Prompt: Set down each line of the material that follows, exactly, with no pictures.

Provided material:
++++++
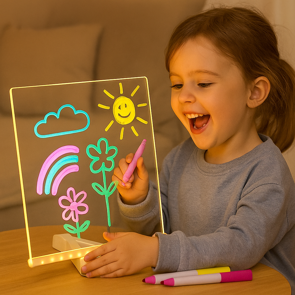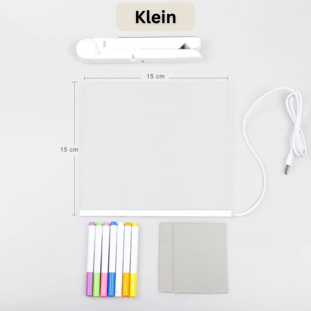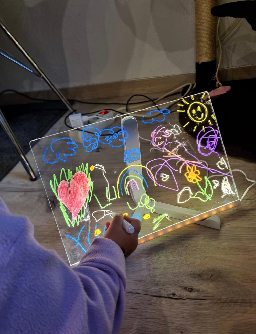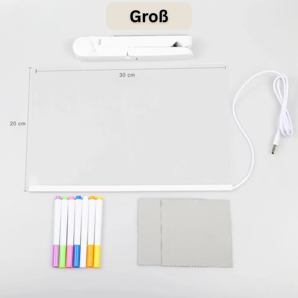 Mit unserer LED-beleuchteten Acryltafel werden Ideen zum Leben erweckt. Kinder und Erwachsene können zeichnen, schreiben und planen – immer wieder neu, ohne Chaos, ohne Müll.
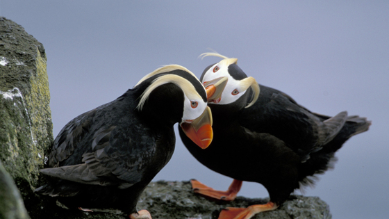 Хохлатый тупик — морская птица, ныряющая с поверхности и приспособившаяся к более холодным водам северной части Тихого океана. Это самый крупный из всех видов и пород тупиков между северо-западной Аляской и центральной Калифорнией. Золотые перья хохлатого тупика появляются только во время брачного сезона. Когда этот вид готов к гнездованию, они зарываются в края скал. Хохлатые тупики — искусные охотники, способные поймать и удержать во рту до 20 рыб за раз, чтобы принести еду птенцам. Поэтому не стоит недооценивать тупиков из-за их причудливой внешности!
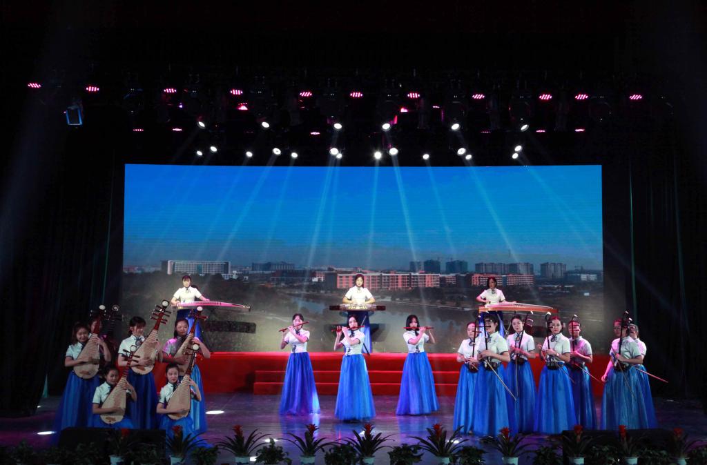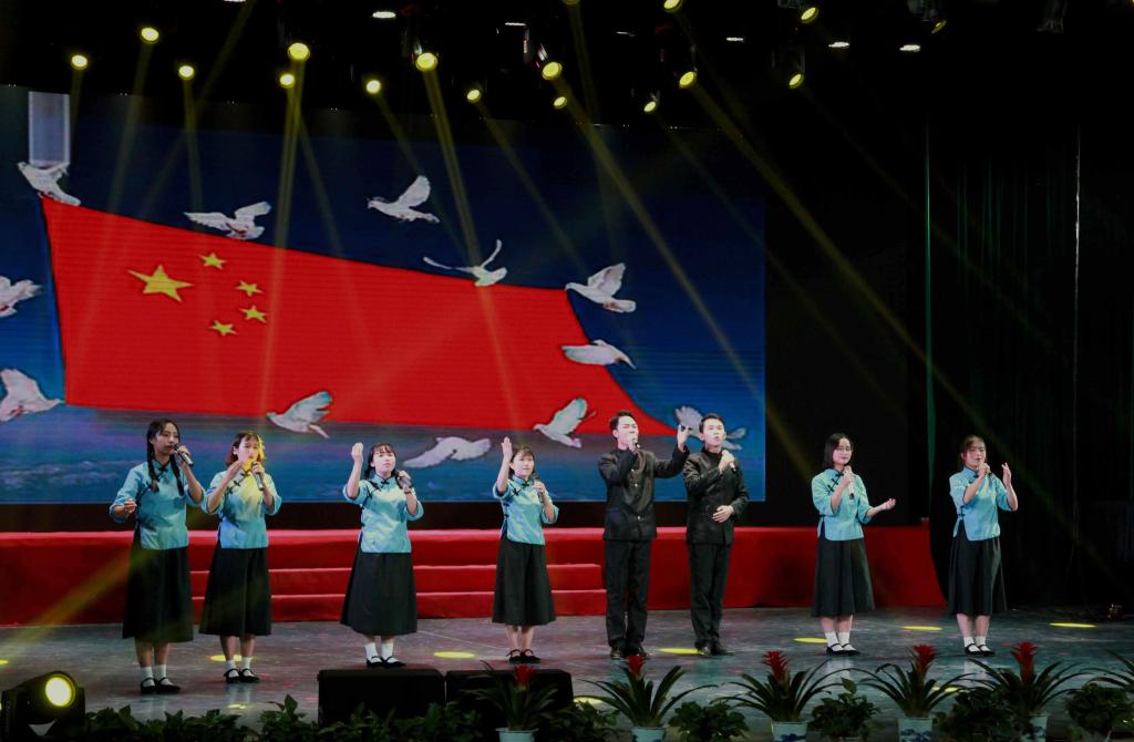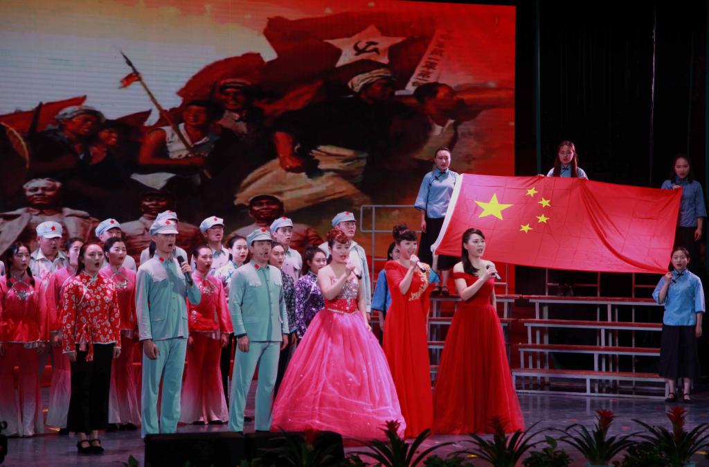 大红的舞台背景上,“不忘初心 继续前行”8个金色的大字熠熠生辉。台下灯光渐暗,喜庆而欢快的音乐声骤然响起,手持鲜艳大红绸的舞者尽情舞蹈,开场舞《东方红》拉开了晚会的序幕。红歌联唱《战斗青春 岁月芳华》,演绎了革命先烈不畏牺牲、浴血奋斗的战斗青春,诠释了中国共产党带领中国人民披荆斩棘走向光明与富强的光辉历程;张扬有力的军旅拳表演《荣光》彰显着我校军训学生教官的素质与风采;原创舞蹈《傩迹》,粗犷、豪放的男子群舞尽显湖南安化梅山傩文化的独特魅力;舞龙表演《大秦帝国之军魂》精彩的舞龙表演与舞蹈动作浑然天成、配合默契,赢得观众阵阵喝彩;戏曲联唱《梨园春曲》典雅精致的词句搭配悠扬委婉的唱腔,表现了中国人含蓄、稳健、精致、典雅的精神品格;阿卡贝拉演唱《彩云追月》轻柔婉转,沁人心脾;器乐表演《城院好风光》琴瑟和鸣、气势如虹,尽显米兰平台内涵建设、特色发展、“六破六立”推进改革的蓬勃生机;“祖国”是我们心中最神圣的词语,在大学生青春、高昂的朗诵《祖国啊,我亲爱的祖国》声中,显得那么美好与深情;《武术》表演技艺高超,激起观众的欢呼与惊叹;合唱《不忘初心》慷慨激昂,气势磅礴,催人奋进。
++++++
Exercise response:
 Mit unserer LED-beleuchteten Acryltafel werden Ideen zum Leben erweckt. Kinder und Erwachsene können zeichnen, schreiben und planen – immer wieder neu, ohne Chaos, ohne Müll.
 Хохлатый тупик — морская птица, ныряющая с поверхности и приспособившаяся к более холодным водам северной части Тихого океана. Это самый крупный из всех видов и пород тупиков между северо-западной Аляской и центральной Калифорнией. Золотые перья хохлатого тупика появляются только во время брачного сезона. Когда этот вид готов к гнездованию, они зарываются в края скал. Хохлатые тупики — искусные охотники, способные поймать и удержать во рту до 20 рыб за раз, чтобы принести еду птенцам. Поэтому не стоит недооценивать тупиков из-за их причудливой внешности!
 大红的舞台背景上,“不忘初心 继续前行”8个金色的大字熠熠生辉。台下灯光渐暗,喜庆而欢快的音乐声骤然响起,手持鲜艳大红绸的舞者尽情舞蹈,开场舞《东方红》拉开了晚会的序幕。红歌联唱《战斗青春 岁月芳华》,演绎了革命先烈不畏牺牲、浴血奋斗的战斗青春,诠释了中国共产党带领中国人民披荆斩棘走向光明与富强的光辉历程;张扬有力的军旅拳表演《荣光》彰显着我校军训学生教官的素质与风采;原创舞蹈《傩迹》,粗犷、豪放的男子群舞尽显湖南安化梅山傩文化的独特魅力;舞龙表演《大秦帝国之军魂》精彩的舞龙表演与舞蹈动作浑然天成、配合默契,赢得观众阵阵喝彩;戏曲联唱《梨园春曲》典雅精致的词句搭配悠扬委婉的唱腔,表现了中国人含蓄、稳健、精致、典雅的精神品格;阿卡贝拉演唱《彩云追月》轻柔婉转,沁人心脾;器乐表演《城院好风光》琴瑟和鸣、气势如虹,尽显米兰平台内涵建设、特色发展、“六破六立”推进改革的蓬勃生机;“祖国”是我们心中最神圣的词语,在大学生青春、高昂的朗诵《祖国啊,我亲爱的祖国》声中,显得那么美好与深情;《武术》表演技艺高超,激起观众的欢呼与惊叹;合唱《不忘初心》慷慨激昂,气势磅礴,催人奋进。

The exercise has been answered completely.